Their doctrine will send authority for civil rights back to the states to wither or thrive as different legislatures see fit, so long as their laws don’t run into textual problems, in which case the Supreme Court will step in to limit state actions.
Barrett is a darling of religious conservatives who expect her to overturn Roe v. Wade, and to undermine civil rights legislation, as the court did, for example, in the 2013 Shelby County v. Holder decision gutting the 1965 Voting Rights Act. But she also has the support of secret dark money donors. She will be the key vote to having a solid pro-corporate Supreme Court that will sharply limit what the federal government can do. Such a court can be expected to gut government regulation of business with more decisions like the 2010 Citizens United v. Federal Election Commission decision and to slash the social safety net. First up, of course, is the Affordable Care Act, about which the court will begin to hear arguments on November 10, just a week after the election.

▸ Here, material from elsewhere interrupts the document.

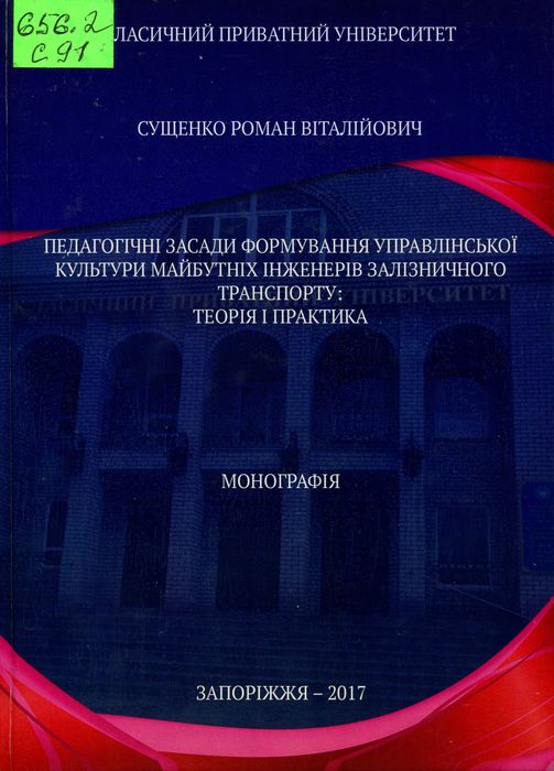 Б52673 656.2 С91 Сущенко Р. В. Педагогічні засади формування управлінської культури майбутніх інженерів залізничного транспорту: теорія і практика : монографія / Р. В. Сущенко ; Класич. приват. ун-т. – Запоріжжя : [б. в.], 2017. – 448 с. Сучасне розуміння смисло-ціннісного ідеалу майбутнього інженера залізничного транспорту як висококультурної, конкурентоздатної особистості орієнтує професійну підготовку залізничних ВНЗ на інтегрування, осягнення і визнання викладачами і студентами управлінської культури інженера складовою професіоналізму. Чільне місце відводиться проблемам «педагогізації» професійної підготовки майбутніх інженерів в умовах непедагогічних ВНЗ. Адресовано викладачам вищих навчальних закладів, докторантам, аспірантам, магістрантам і студентам.

This version of our government is not popular. Republican senators who will vote for Barrett represent 14.3 million fewer Americans than the Democratic senators who oppose her confirmation. Schumer today warned his Republican colleagues: “The majority has trampled over norms, rules, standards, honor, values, any of them that could possibly stand in its monomaniacal pursuit to put someone on the court who will take away the rights of so many Americans.”